**WORK ORDER:** Omit each picture as you copy the entries exactly.

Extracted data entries
--
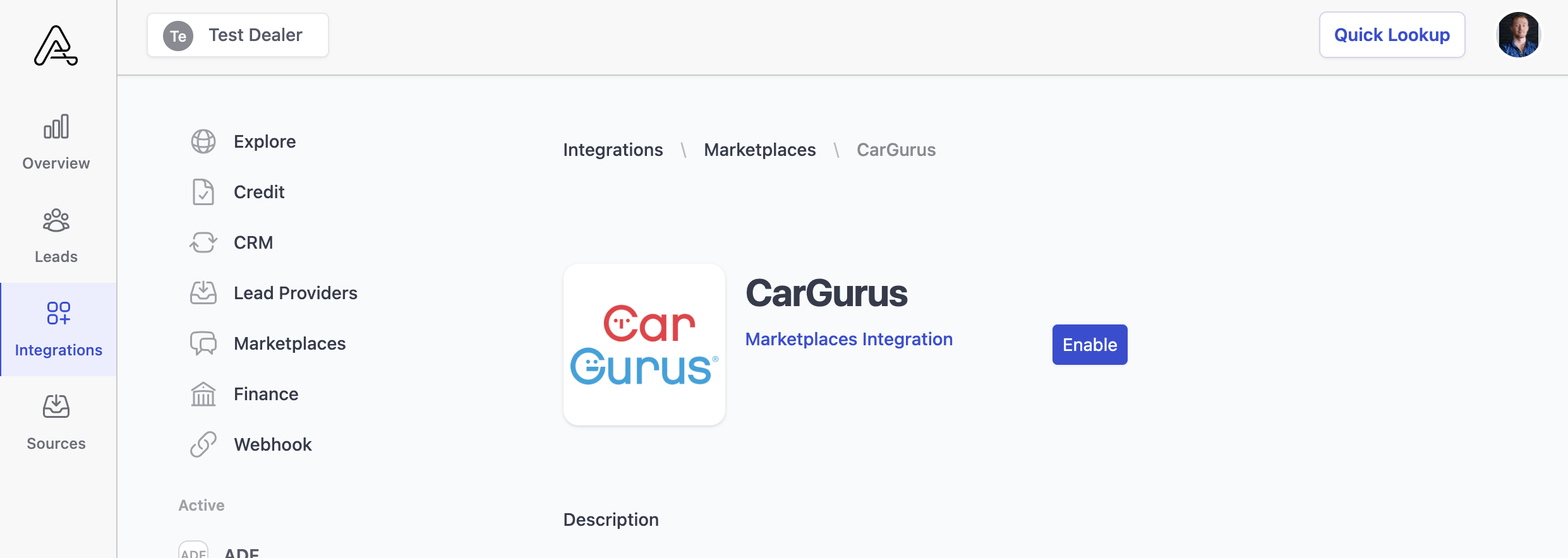 1. As a Company admin, go to Integrations and select the CarGurus integration. Then click on the Enable button
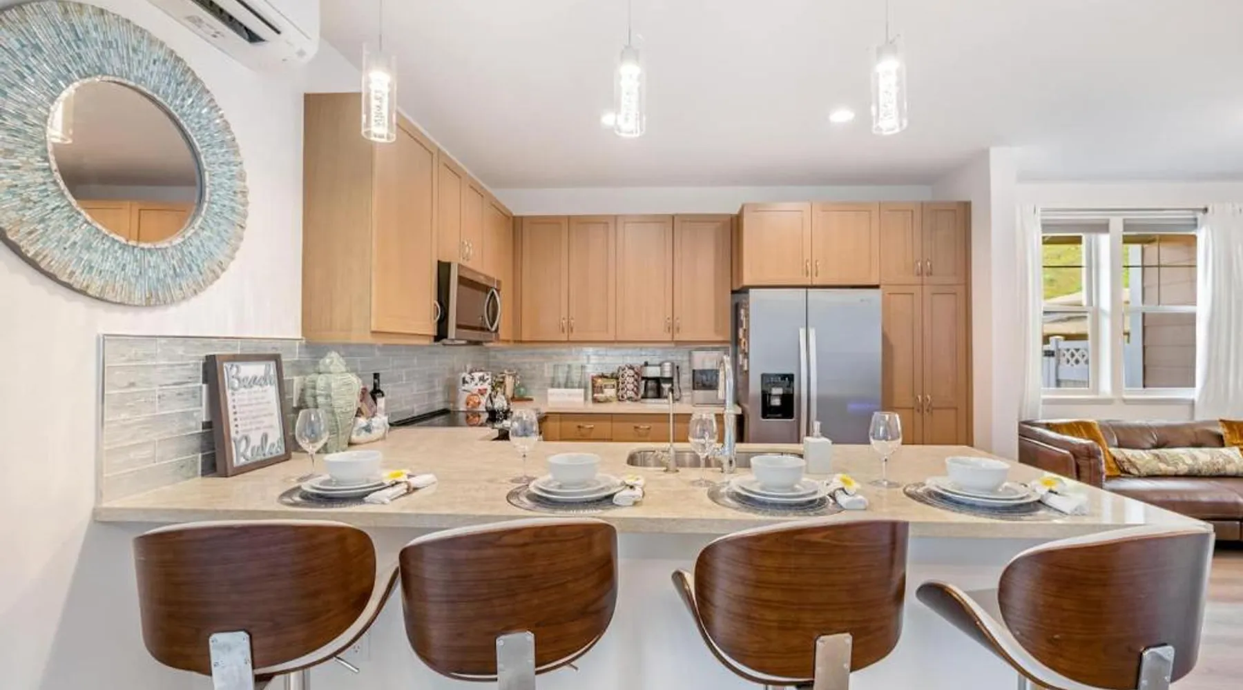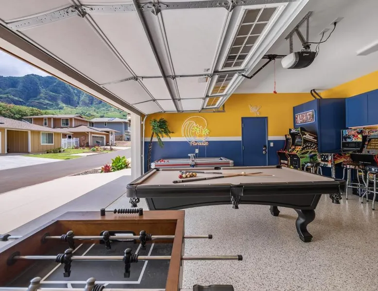 Spacious Accommodations: The Hideouts Two Next-door Homes in Waianae offers seven bedrooms and six bathrooms. The property includes a living room with a sofa bed, ensuring comfort for all guests. Modern Amenities: Guests enjoy free WiFi, air-conditioning, and a private pool. Additional facilities include a hot tub, patio, and barbecue area. Free on-site private parking is available. Convenient Location: Located 32 mi from Honolulu International Airport, the holiday home is near attractions such as Pacific Aviation Museum Pearl Harbor (25 mi) and USS Arizona Memorial (29 mi). This apartment offers a private pool. The spacious apartment provides air conditioning, a washing machine, as well as a shared bathroom featuring a bath and a hairdryer. Guests will find a stovetop, a refrigerator, a dishwasher and an oven in the well-fitted kitchen. The apartment also provides guests with a barbecue. Boasting a patio, this apartment also features a tea and coffee maker, a wardrobe and a TV. The unit offers 8 beds.
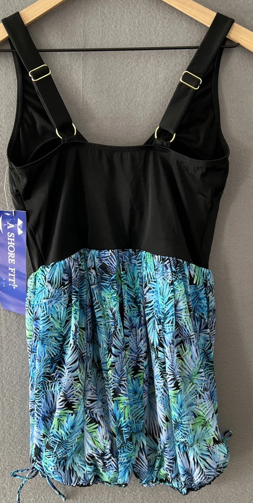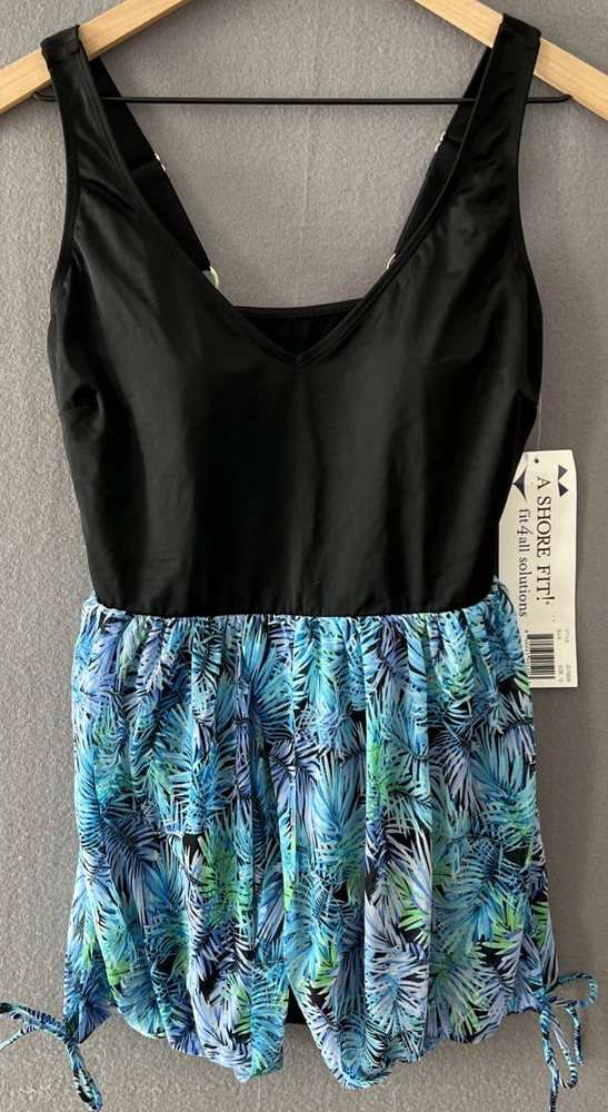 Swim Top Style: Tank Number of Pieces: 1 piece Theme: Beach Pattern: Floral Size: 12 Size Type: Plus Color: Blue Swim Bottom Style: Swim Skirt Brand: A Shore Fit! Accents: Strap Features: Adjustable Strap, Built-In Bra, Stretch Garment Care: Hand Wash Only Material: Nylon, Spandex Vintage: No Type: One Piece Department: Women
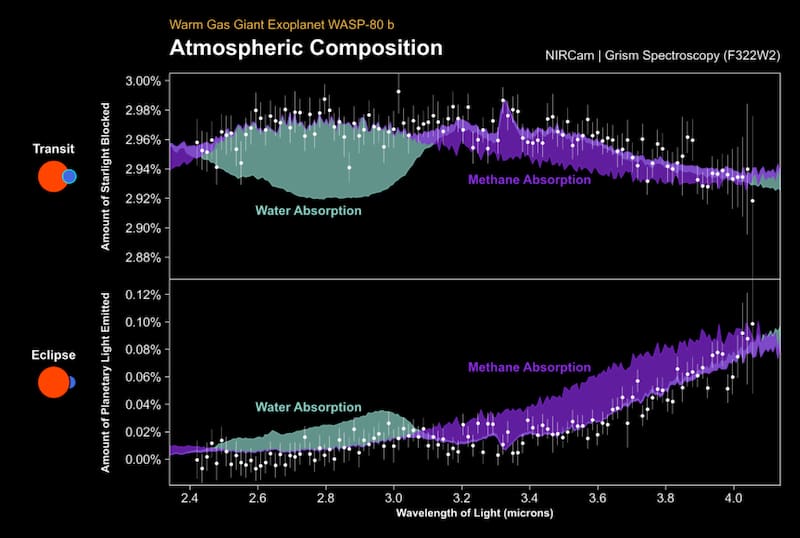La última imagen del telescopio espacial James Webb de la NASA ha revelado espectros indicativos de una atmósfera que contiene gas metano y vapor de agua en el exoplaneta WASP-80 b, según informa este miércoles la agencia espacial estadounidense.
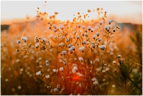 Field of wildflowers glowing in the golden hour sunlight, capturing natural beauty and serenity.
--
**FINISHED TASK:**
 1. As a Company admin, go to Integrations and select the CarGurus integration. Then click on the Enable button
 Spacious Accommodations: The Hideouts Two Next-door Homes in Waianae offers seven bedrooms and six bathrooms. The property includes a living room with a sofa bed, ensuring comfort for all guests. Modern Amenities: Guests enjoy free WiFi, air-conditioning, and a private pool. Additional facilities include a hot tub, patio, and barbecue area. Free on-site private parking is available. Convenient Location: Located 32 mi from Honolulu International Airport, the holiday home is near attractions such as Pacific Aviation Museum Pearl Harbor (25 mi) and USS Arizona Memorial (29 mi). This apartment offers a private pool. The spacious apartment provides air conditioning, a washing machine, as well as a shared bathroom featuring a bath and a hairdryer. Guests will find a stovetop, a refrigerator, a dishwasher and an oven in the well-fitted kitchen. The apartment also provides guests with a barbecue. Boasting a patio, this apartment also features a tea and coffee maker, a wardrobe and a TV. The unit offers 8 beds.
 Swim Top Style: Tank Number of Pieces: 1 piece Theme: Beach Pattern: Floral Size: 12 Size Type: Plus Color: Blue Swim Bottom Style: Swim Skirt Brand: A Shore Fit! Accents: Strap Features: Adjustable Strap, Built-In Bra, Stretch Garment Care: Hand Wash Only Material: Nylon, Spandex Vintage: No Type: One Piece Department: Women
La última imagen del telescopio espacial James Webb de la NASA ha revelado espectros indicativos de una atmósfera que contiene gas metano y vapor de agua en el exoplaneta WASP-80 b, según informa este miércoles la agencia espacial estadounidense.
 Field of wildflowers glowing in the golden hour sunlight, capturing natural beauty and serenity.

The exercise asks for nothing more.